I have two sites I am currently working on which is a shopping cart and another shopper. Both are under the same domain name so for example http://example.com/first_url http://example.com/secon...

Webmasters Stack Exchange
@adnan360
Cheers yes, there are things like that for 'allow' and 'disallow'. We meant another qualifier(?) between those two extremes that told the indexer to only keep hashtagged words. :)
@dsfgs Do you mean only keep the hashtags indexed and not the rest of the post content?

@dsfgs If so, it will have to be done on the software side.

1. Search engine crawlers (usually) have a special useragent which can be detected and when it is, software can render posts without unwanted bits so that the crawler sees only the allowed parts.

2. Internal search will have to be updated so that unwanted bits are not searched.

@dsfgs If it is universal though, I don't think it would be ok. The moment I forget to hashtag a word, my entire post could miss my audience.

I think if something like this is implemented, there should be a per user setting to enable an option to restrict access.

@adnan360
Its a slight tradeoff yes. You can always, delete/edit a toot, if you make a mistake.
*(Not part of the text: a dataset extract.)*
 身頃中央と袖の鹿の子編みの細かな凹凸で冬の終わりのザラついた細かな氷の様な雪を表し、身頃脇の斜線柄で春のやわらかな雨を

But really there is nothing wrong by doing it like that.

Maybe if its possible to mark a line as #lyric/#lyrical they can be #indexable too?

@dsfgs Hmm. I write a lot about Free Software projects. Some don't have a lot of other pages to describe them, so my toots often get listed. And someone may see that post and get into using the project. So having something like this enabled in my account would possibly not bring in those new users.
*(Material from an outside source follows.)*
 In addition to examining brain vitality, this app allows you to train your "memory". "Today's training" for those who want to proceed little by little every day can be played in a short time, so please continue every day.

As much as I want to I can't add #every #possible #hashtag #in #my #post #because #it #will #look #ugly. (See what I mean? 😄 ) So I can't help it.

@adnan360
1. Good idea, yes! That's how Fediverse could achieve it. @Gargron @lain @bob ?

2. Yes. As we understand #mastodon software is already searching (functionally) like this.

@adnan360
Bingo, and for 50,000 instances hosting 200,000 ppl on average, we can quickly see why that would make things more workable.